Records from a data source
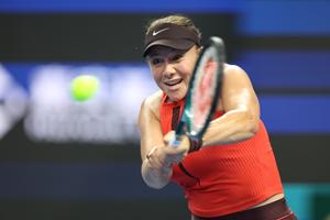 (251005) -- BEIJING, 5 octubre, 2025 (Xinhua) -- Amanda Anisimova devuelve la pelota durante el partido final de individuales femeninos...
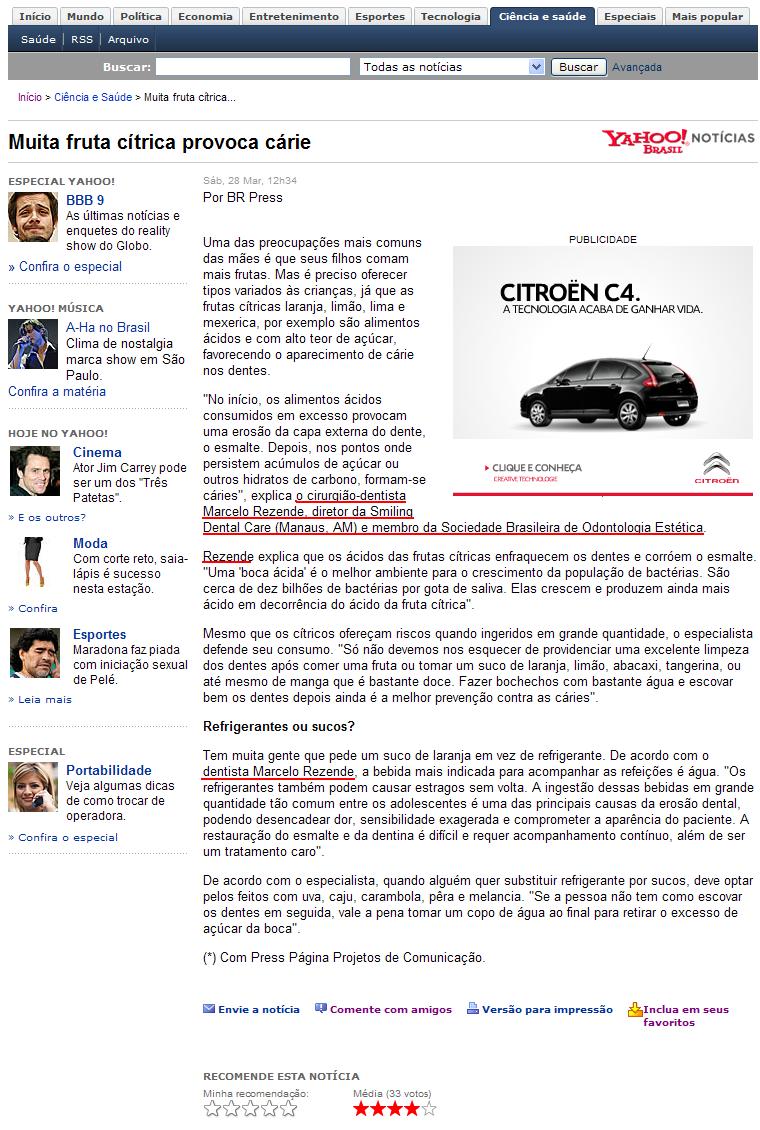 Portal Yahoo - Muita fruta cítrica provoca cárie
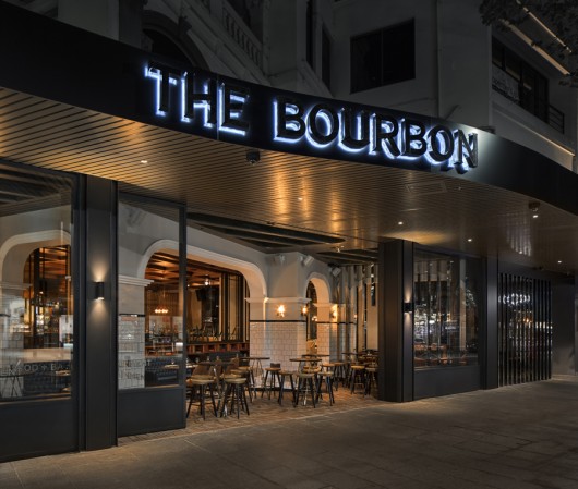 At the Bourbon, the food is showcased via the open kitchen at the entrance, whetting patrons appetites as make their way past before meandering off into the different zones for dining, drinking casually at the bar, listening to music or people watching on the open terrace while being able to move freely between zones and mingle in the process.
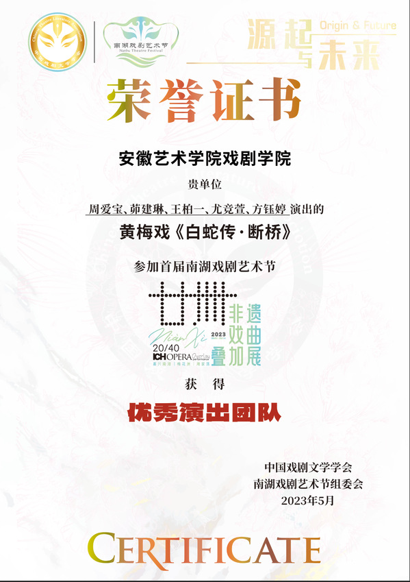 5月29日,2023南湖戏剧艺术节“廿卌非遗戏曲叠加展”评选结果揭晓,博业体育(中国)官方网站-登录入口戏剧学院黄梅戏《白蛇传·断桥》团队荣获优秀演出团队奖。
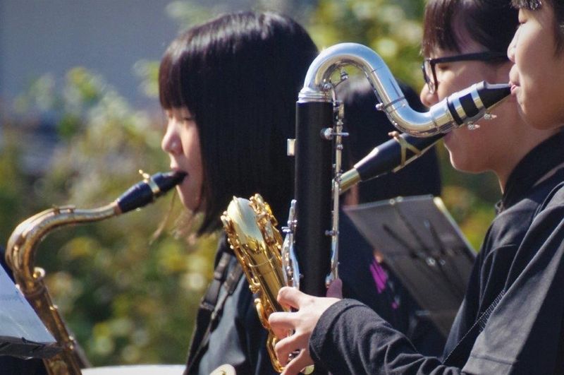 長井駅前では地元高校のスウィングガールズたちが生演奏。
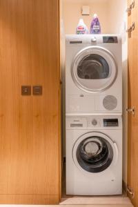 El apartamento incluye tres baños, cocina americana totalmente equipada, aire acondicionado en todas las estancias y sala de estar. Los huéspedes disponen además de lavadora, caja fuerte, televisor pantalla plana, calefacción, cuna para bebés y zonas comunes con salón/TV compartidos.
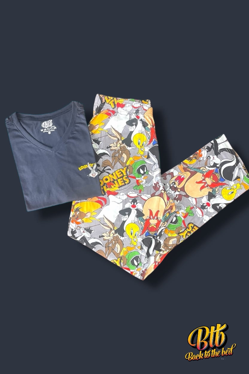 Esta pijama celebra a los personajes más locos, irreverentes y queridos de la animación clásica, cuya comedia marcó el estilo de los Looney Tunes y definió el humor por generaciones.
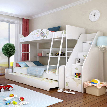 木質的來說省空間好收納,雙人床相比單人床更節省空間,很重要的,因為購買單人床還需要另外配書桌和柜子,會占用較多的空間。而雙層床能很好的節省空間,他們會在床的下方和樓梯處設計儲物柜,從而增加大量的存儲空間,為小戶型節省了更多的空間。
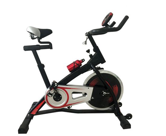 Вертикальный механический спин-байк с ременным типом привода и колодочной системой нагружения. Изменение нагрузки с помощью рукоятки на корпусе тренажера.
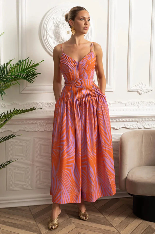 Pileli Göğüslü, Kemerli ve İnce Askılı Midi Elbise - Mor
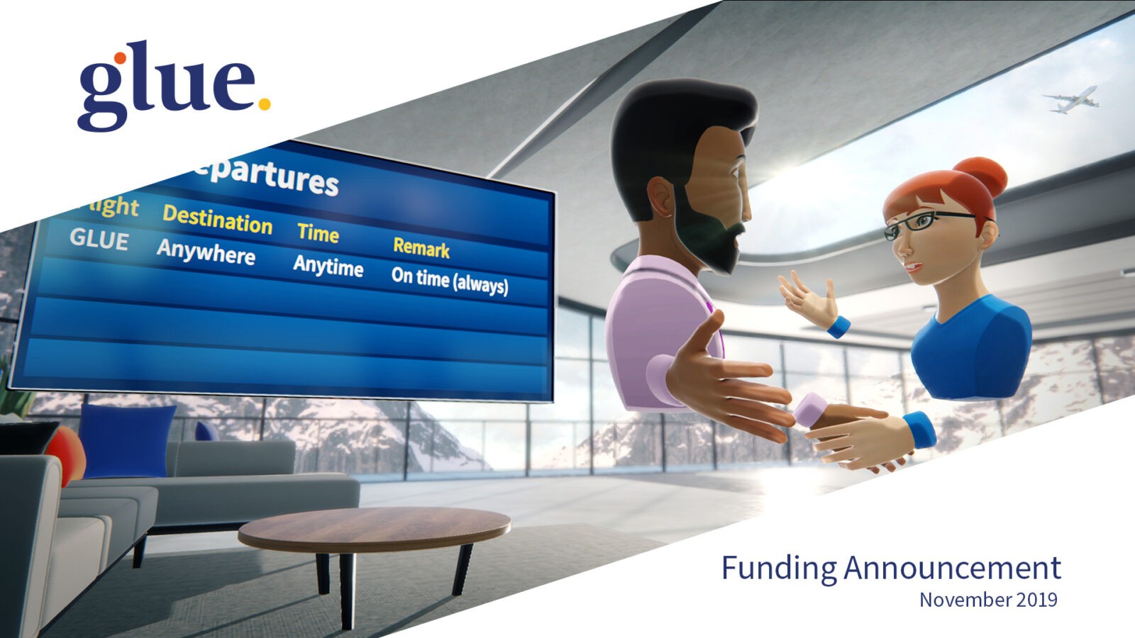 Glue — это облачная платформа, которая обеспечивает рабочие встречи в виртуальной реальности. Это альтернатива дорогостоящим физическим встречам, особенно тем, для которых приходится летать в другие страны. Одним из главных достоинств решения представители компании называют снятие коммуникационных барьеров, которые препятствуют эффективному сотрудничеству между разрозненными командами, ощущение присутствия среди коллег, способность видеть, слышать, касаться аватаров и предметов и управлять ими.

- What is being asked:
What is needed is an exact copy of the data, without any pictures.

- Written response:
 (251005) -- BEIJING, 5 octubre, 2025 (Xinhua) -- Amanda Anisimova devuelve la pelota durante el partido final de individuales femeninos...
 Portal Yahoo - Muita fruta cítrica provoca cárie
 At the Bourbon, the food is showcased via the open kitchen at the entrance, whetting patrons appetites as make their way past before meandering off into the different zones for dining, drinking casually at the bar, listening to music or people watching on the open terrace while being able to move freely between zones and mingle in the process.
 5月29日,2023南湖戏剧艺术节“廿卌非遗戏曲叠加展”评选结果揭晓,博业体育(中国)官方网站-登录入口戏剧学院黄梅戏《白蛇传·断桥》团队荣获优秀演出团队奖。
 長井駅前では地元高校のスウィングガールズたちが生演奏。
 El apartamento incluye tres baños, cocina americana totalmente equipada, aire acondicionado en todas las estancias y sala de estar. Los huéspedes disponen además de lavadora, caja fuerte, televisor pantalla plana, calefacción, cuna para bebés y zonas comunes con salón/TV compartidos.
 Esta pijama celebra a los personajes más locos, irreverentes y queridos de la animación clásica, cuya comedia marcó el estilo de los Looney Tunes y definió el humor por generaciones.
 木質的來說省空間好收納,雙人床相比單人床更節省空間,很重要的,因為購買單人床還需要另外配書桌和柜子,會占用較多的空間。而雙層床能很好的節省空間,他們會在床的下方和樓梯處設計儲物柜,從而增加大量的存儲空間,為小戶型節省了更多的空間。
 Вертикальный механический спин-байк с ременным типом привода и колодочной системой нагружения. Изменение нагрузки с помощью рукоятки на корпусе тренажера.
 Pileli Göğüslü, Kemerli ve İnce Askılı Midi Elbise - Mor
 Glue — это облачная платформа, которая обеспечивает рабочие встречи в виртуальной реальности. Это альтернатива дорогостоящим физическим встречам, особенно тем, для которых приходится летать в другие страны. Одним из главных достоинств решения представители компании называют снятие коммуникационных барьеров, которые препятствуют эффективному сотрудничеству между разрозненными командами, ощущение присутствия среди коллег, способность видеть, слышать, касаться аватаров и предметов и управлять ими.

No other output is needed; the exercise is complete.